7. Make a charitable plan. Rather than scrambling in December to write checks to charities, you may be able to make a bigger impact (and get a bigger tax break) if you create a charitable plan to follow throughout the year. Think about stocks you may want to transfer to charity when they reach a certain price, or consider opening a donor-advised fund to build your charitable savings over several years (while getting a current tax break). You can also start setting aside money for bigger gifts, such as a scholarship fund, or build a charity “slush fund” so you have some extra money ready to give quickly after a natural disaster or other emergency. See Smarter Ways to Give to Charity and How to Donate Stock to a Charity.

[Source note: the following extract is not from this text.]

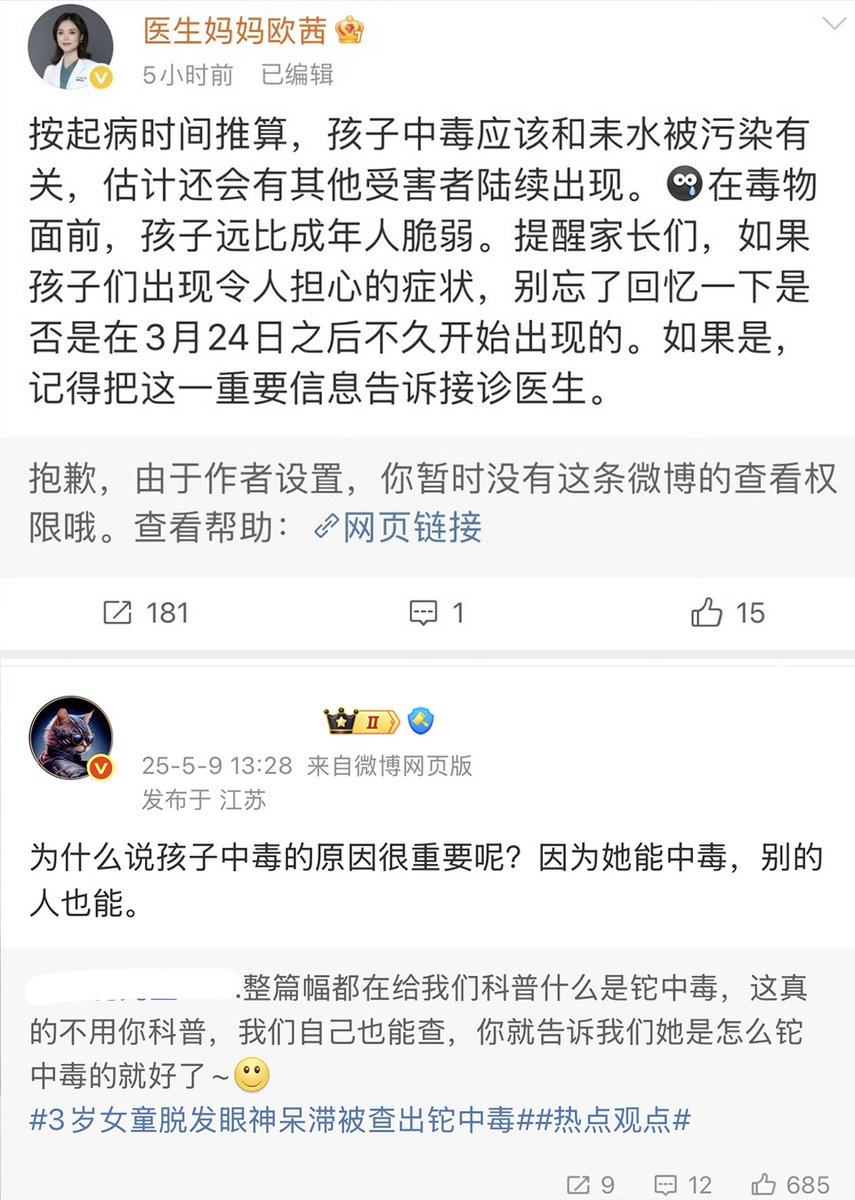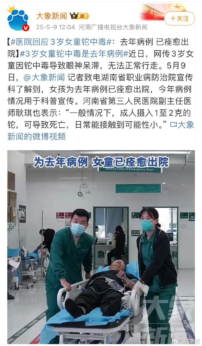 5月8日,潇湘晨报:近日,湖南刘女士3岁女儿因不明原因眼神呆滞,无法正常走路,头发也大把大把掉,经检测孩子血铊、尿铊值均远超标,确诊为急性铊中毒。广州一名儿科医生质疑:按发病时间推算,孩子中毒应该和湖南耒水被污染有关,她估计还会有其他受害者陆续出现。该事件在引起热议后,潇湘晨报删掉了报道。 5月9日,大象新闻又报道称,系去年病例,孩子已痊愈出院。不过上述媒体在报道中均未提到孩子为什么会铊中毒,全篇几乎都在科普什么是铊中毒。

8. Start planning for your required minimum distributions. You have to take required minimum distributions from many of your retirement accounts after you reach age 70½ (although you can delay taking withdrawals from your current employer’s retirement plan if you’re still working). Because your required withdrawals for 2015 are based on your life expectancy and your account balance as of December 31, 2014, you can take the money anytime during the year. Start thinking about which traditional IRA accounts to tap. You must calculate the required withdrawals from each traditional IRA separately, but you can take the money from any of those accounts. You don’t have that option with 401(k)s and other employer retirement-savings plans—you must take the required withdrawals from each of those accounts separately—but you can decide which investments to tap. You may want to shift money to a stable value fund or another fixed fund within the account to be ready for the next few years of withdrawals. That way, you won’t need to worry about selling mutual funds in a down market to withdraw the required amounts. See Calculating Required Distributions From Your Retirement Accounts and our Required Minimum Distributions special report.

9. Squeeze some extra tax savings. Start gathering your tax files now so you don’t miss out on valuable deductions when you do your 2014 tax return. See The Most Overlooked Tax Deductions for ideas. Don’t forget about the tax break for summer day camp and other child-care costs if your kids are younger than 13; the retirement savers’ tax credit for low- to middle-income people who save in an IRA, 401(k) or other retirement plan; and tax breaks for college costs and continuing education. Also see 15 Surprising Tax Deductions for some breaks you may have never considered.

10. Give yourself a financial checkup. Now is also a great time to make sure you’re still on track to reach your financial goals. See How Much You Really Need to Retire and our Retirement Savings Calculator to assess your progress. Consider enlisting help from a financial planner to get a one-time financial checkup or to get more frequent help with saving and investing—see 6 Things You Must Know About Financial Planners. While you’re at it, visit www.annualcreditreport.com to check your credit report with each of the three bureaus to look for any errors or to spot areas you’d like to improve. See Why You Should Check Your Credit Reports Each Year and our Credit Reports & Scores special report.